3. Auto determines max context length

4. Auto heals tool calls, provides python & bash + web search :)

ryandrake · 2026-04-22T16:50:02 1776876602

Yea, I actually tried it out last time we had one of these threads. It's undeniably easy to use, but it is also very opinionated about things like the directory locations/layouts for various assets. I don't think I managed to get it to work with a simple flat directory full of pre-downloaded models on an NFS mount to my NAS. It also insists on re-downloading a 3GB model every time it is launches, even after I delete the model file. I probably have to just sit down and do some Googleing/searching in order to rein the software in and get it to work the way I want it to on my system.

danielhanchen · 2026-04-30T05:07:38 1777525658

Oh my apologies I didn't respond - if only HN had a notifier haha

Oh yes we added a custom folder button which can pull .gguf files for now from any folder - it supports LM Studio and Ollama ones - but afreed it's still a mess.

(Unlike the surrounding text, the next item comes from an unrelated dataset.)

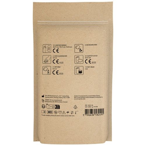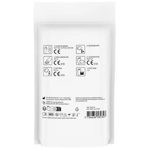 Ideal para personas que realizan a diario actividades como caminar, correr, jugar al golf, etc. Contenido: 12 apósitos resistentes al lavado, 4 bastoncillos para limpiar la piel, 2 toallitas refrescantes, 2 bastoncillos secos, 2 apósitos para ampollas y 1 gel para pies. Todos los productos de primeros auxilios y cuidado del kit cumplen con las normativas vigentes en la UE. El precio incluye impresión a todo color. Se entrega en una funda de papel. Materials : Papel certificado FSC Default print option : Impresión digital - frontal - max color : full colour - 100 x 120 mm Para este producto, el proveedor ha completado todo o parte de los datos GPSR. Para obtener más información, póngase en contacto con el proveedor.

One of the goals is to somehow quick search for .gguf folders, and add recommended folders - we currently have folders for Ollama and LM Studio for eg

hypercube33 · 2026-04-22T17:49:51 1776880191

Sadly doesn't support fine tuning on AMD yet which gave me a sad since I wanted to cut one of these down to be specific domain experts. Also running the studio is a bit of a nightmare when it calls diskpart during its install (why?)

danielhanchen · 2026-04-30T05:09:44 1777525784

Apologies as well didn't reply sooner - Studio supports AMD out of the box now! We worked with AMD to make it work! One thing that is still missing is pre-compiled AMD ROCM binaries, which we're trying to see if we can integrate that.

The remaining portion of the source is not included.